## Data records
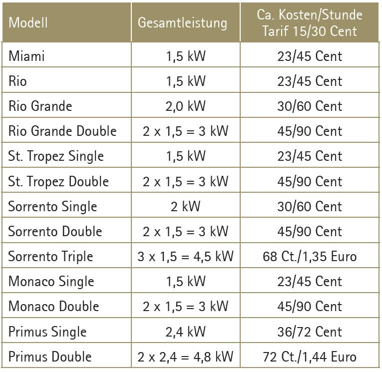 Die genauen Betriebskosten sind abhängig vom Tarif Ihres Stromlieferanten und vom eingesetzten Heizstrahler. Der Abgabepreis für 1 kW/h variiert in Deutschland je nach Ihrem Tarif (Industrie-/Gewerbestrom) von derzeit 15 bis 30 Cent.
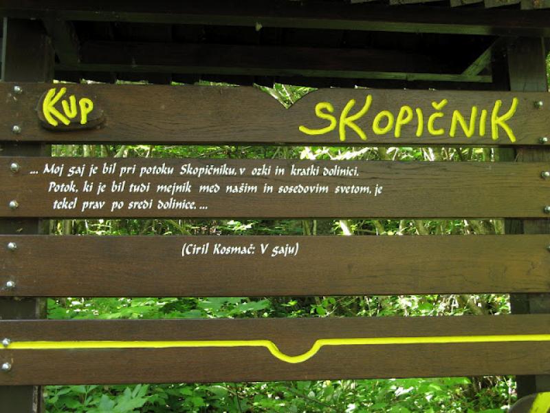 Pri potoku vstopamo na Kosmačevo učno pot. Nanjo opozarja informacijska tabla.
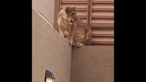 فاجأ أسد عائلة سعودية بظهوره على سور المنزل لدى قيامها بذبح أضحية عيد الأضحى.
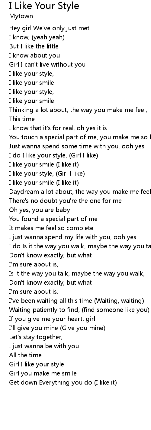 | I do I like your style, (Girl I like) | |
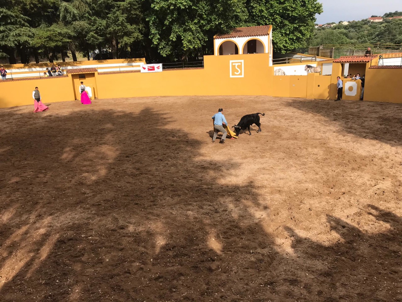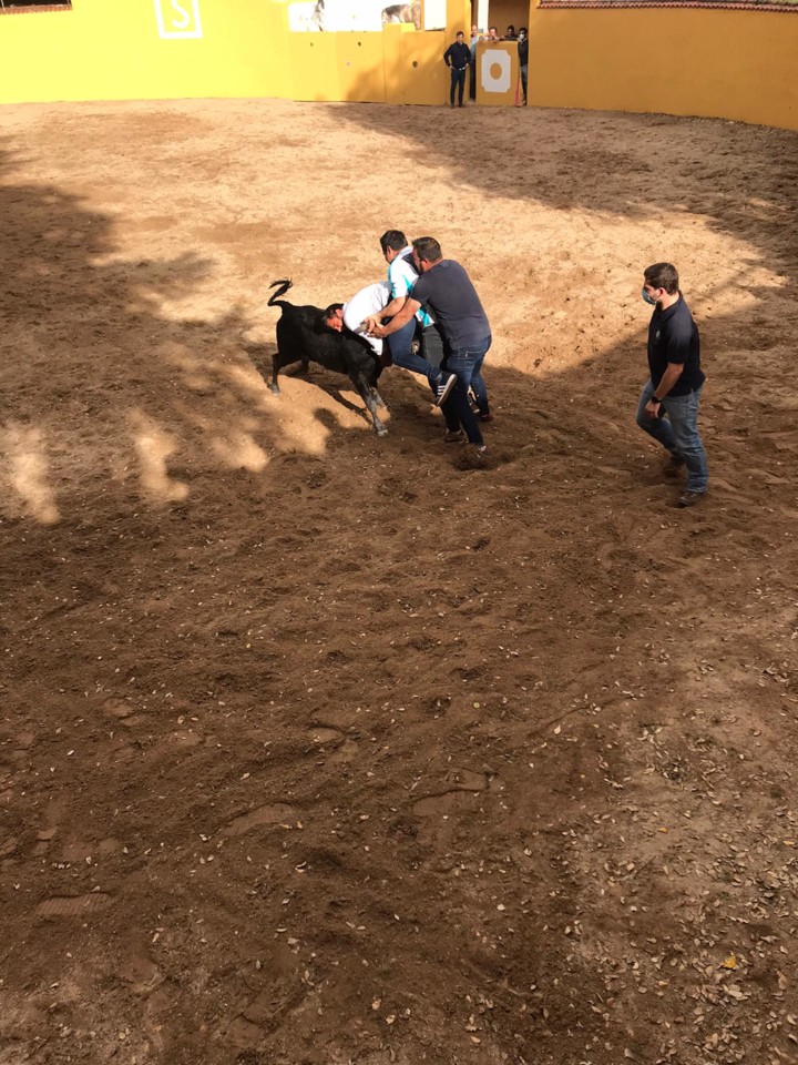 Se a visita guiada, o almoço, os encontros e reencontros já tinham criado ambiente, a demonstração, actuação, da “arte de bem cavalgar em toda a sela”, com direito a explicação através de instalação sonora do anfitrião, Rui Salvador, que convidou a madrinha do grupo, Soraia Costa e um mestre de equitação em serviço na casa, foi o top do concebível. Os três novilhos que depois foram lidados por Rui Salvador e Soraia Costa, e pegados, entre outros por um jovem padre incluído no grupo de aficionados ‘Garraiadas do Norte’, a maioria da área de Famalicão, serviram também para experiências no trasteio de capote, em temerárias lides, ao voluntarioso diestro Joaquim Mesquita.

## Work task
Having found the line with "فاجأ أسد عائلة" and the line with "I like) | |" in the material above, write out exactly those two and every line between, leaving the pictures out.

## Written response
 فاجأ أسد عائلة سعودية بظهوره على سور المنزل لدى قيامها بذبح أضحية عيد الأضحى.
 | I do I like your style, (Girl I like) | |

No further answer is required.